Mumbai Police Vacating People From Juhu Beach Contradicts Their Claim Of No Official Order: RTI

Free Press Journal: Mumbai: Sunday, 16 June 2024.
In May, the Free Press Journal reported that the Santacruz police, in an RTI reply, stated they have no official mandate to evict people from Juhu beach after midnight.
Mumbai Police continues to restrict entry to people at Juhu beach post midnight after their own claim that they do not have any order about the official timing to visit the beach. The police had replied to a right to information appeal that it has no official order or notification to evict people after midnight but its actions do not agree with the RTI reply.
In May, Free Press Journal had reported about a reply given by Santacruz police to an RTI appeal which said that they have no official document requiring them to evict people from Juhu beach post midnight.
Activist Zoru Bathena had sought information from the Santacruz police earlier in April under the RTI act to provide the copy of an order or notification regardings timings for police to restrict entry to citizens to walk at Juhu beach. Responding to the RTI on April 29, Santacruz police had replied that, “No such official record is available with Santacruz police station”.

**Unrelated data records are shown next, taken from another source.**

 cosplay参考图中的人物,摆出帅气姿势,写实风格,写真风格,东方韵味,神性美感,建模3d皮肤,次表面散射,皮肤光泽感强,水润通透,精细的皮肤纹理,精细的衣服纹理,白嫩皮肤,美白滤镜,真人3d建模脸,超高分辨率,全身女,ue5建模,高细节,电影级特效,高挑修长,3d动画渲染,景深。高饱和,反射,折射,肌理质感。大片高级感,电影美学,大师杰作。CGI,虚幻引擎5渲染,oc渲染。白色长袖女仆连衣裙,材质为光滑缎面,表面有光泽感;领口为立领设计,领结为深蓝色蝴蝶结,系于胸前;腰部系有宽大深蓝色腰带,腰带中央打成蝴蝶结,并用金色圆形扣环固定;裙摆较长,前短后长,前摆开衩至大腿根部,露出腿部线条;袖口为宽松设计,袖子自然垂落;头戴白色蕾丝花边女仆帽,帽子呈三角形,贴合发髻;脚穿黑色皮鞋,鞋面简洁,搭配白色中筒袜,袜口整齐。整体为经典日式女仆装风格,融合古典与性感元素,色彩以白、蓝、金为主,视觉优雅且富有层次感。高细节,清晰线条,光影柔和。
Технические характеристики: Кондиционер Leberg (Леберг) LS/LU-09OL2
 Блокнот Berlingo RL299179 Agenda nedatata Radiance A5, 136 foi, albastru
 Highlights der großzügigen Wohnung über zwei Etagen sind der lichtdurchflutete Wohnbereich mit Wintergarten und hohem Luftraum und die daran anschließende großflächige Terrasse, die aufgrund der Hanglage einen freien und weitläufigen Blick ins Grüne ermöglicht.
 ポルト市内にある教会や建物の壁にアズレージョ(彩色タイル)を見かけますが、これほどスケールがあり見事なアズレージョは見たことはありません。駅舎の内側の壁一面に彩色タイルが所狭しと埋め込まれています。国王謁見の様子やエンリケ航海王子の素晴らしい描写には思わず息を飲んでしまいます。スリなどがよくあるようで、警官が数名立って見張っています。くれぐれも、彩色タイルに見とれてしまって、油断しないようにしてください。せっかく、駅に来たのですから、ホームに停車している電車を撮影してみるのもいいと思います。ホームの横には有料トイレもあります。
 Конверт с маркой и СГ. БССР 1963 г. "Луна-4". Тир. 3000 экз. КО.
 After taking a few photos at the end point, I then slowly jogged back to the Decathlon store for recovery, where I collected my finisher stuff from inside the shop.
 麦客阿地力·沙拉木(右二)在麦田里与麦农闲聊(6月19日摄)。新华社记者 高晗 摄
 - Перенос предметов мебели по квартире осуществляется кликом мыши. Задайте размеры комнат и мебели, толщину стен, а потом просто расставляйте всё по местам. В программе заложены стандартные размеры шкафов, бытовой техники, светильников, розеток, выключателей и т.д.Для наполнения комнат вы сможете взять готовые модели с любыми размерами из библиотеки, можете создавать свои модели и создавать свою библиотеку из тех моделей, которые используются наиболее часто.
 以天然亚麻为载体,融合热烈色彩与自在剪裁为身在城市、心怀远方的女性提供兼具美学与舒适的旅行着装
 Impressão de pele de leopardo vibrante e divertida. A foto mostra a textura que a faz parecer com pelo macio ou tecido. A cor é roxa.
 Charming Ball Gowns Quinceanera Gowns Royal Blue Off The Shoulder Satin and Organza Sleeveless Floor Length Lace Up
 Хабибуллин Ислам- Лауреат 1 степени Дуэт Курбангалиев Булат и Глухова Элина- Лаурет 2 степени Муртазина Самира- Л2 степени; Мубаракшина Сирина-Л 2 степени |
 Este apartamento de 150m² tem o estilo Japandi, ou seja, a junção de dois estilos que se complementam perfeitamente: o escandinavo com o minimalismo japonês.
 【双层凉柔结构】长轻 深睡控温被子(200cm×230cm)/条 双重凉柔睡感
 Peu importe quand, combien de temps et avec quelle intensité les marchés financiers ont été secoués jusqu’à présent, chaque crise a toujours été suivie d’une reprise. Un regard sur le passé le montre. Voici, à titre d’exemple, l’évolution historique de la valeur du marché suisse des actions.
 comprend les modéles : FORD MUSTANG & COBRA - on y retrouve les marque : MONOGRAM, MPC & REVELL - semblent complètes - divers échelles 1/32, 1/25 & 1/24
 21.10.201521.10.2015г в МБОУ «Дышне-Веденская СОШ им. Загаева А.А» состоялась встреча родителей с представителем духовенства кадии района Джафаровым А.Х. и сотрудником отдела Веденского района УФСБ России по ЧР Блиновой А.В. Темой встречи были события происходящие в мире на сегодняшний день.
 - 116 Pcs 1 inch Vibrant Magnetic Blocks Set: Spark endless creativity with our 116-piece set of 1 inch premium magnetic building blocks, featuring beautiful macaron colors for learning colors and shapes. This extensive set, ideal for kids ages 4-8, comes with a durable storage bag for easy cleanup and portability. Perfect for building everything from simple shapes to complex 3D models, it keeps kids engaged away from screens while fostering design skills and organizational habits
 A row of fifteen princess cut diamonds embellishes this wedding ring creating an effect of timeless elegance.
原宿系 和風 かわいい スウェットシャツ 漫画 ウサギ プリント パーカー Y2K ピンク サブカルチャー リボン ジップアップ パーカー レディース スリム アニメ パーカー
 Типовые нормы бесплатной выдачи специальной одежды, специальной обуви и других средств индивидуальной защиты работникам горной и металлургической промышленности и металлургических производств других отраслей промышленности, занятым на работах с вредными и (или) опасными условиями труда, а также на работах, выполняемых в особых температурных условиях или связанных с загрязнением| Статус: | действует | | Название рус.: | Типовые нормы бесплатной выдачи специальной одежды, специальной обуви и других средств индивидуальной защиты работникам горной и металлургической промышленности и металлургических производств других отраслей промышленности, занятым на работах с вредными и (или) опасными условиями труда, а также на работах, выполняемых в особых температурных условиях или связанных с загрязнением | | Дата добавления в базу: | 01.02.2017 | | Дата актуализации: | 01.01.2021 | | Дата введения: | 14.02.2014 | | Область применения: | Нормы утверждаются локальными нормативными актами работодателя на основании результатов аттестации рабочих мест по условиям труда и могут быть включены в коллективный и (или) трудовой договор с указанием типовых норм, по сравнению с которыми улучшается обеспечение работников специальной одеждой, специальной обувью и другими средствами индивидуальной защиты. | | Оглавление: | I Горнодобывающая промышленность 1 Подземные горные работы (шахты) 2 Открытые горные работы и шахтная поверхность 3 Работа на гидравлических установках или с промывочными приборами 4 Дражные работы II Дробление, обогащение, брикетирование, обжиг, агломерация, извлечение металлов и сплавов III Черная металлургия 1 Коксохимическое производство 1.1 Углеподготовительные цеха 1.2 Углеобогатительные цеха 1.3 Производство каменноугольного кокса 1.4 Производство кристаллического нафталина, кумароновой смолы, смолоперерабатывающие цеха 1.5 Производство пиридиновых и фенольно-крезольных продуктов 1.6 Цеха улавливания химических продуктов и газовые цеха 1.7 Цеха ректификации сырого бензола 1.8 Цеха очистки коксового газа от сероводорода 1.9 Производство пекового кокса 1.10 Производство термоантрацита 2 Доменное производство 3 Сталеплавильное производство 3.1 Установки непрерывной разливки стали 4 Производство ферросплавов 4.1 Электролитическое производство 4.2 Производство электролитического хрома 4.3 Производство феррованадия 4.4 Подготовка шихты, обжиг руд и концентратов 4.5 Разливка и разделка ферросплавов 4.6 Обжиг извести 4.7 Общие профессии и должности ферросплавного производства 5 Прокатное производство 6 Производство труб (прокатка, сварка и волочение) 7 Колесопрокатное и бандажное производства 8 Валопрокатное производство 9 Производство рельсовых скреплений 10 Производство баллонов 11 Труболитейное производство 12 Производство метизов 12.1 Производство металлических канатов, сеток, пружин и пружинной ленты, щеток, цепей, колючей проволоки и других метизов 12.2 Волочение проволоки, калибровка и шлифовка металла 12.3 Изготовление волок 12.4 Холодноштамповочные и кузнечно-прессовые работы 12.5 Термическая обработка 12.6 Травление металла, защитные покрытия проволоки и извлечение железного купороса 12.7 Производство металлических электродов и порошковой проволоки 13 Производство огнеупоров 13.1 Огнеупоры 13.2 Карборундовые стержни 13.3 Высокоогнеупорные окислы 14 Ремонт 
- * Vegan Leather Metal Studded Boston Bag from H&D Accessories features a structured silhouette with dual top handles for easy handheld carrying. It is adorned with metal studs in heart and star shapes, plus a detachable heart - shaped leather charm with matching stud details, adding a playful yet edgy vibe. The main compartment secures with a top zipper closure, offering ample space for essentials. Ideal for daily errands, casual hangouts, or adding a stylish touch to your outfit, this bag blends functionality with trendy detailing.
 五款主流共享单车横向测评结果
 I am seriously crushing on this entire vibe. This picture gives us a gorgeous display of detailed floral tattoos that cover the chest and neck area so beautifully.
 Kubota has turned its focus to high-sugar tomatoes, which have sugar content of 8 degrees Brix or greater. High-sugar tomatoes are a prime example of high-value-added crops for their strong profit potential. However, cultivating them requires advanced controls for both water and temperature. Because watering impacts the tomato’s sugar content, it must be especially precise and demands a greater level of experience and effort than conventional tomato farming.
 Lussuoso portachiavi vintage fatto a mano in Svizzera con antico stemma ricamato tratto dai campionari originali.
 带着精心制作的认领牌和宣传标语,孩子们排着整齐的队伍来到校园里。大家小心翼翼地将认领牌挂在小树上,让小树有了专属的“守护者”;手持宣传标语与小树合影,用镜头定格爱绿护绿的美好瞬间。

However, even after the police accepted that they have no order to remove people from the beach after midnight, the Santacruz police have not stopped its daily drill. The Free Press Journal visited the Juhu beach at midnight and observed that the police patrol vehicle made rounds on the beach around 12.30 am asking people to vacate the beach. However, a lot of people showed up to the beach post 2am after the patrolling was stopped.
Zoru Bathena, who had filed the RTI application to the Santacruz police, alleged that the beach patrol is indulging in moral policing as they want ease in their work of safeguarding people at night.
“Policemen do not shy away from their duty of guarding women’s compartments in local trains at night by saying that people should not roam at late hours. Similarly they cannot ask people to vacate the beach just because they do not want to carry out their duty. They have their own beach patrol vehicles and staff, which is supposed to check on the safety of people and not to moral police them. This act of police is morally wrong,” Bathena said.
The Free Press Journal contacted Rajendra Kane, senior police inspector at Santacruz police station, but he was not available for a comment.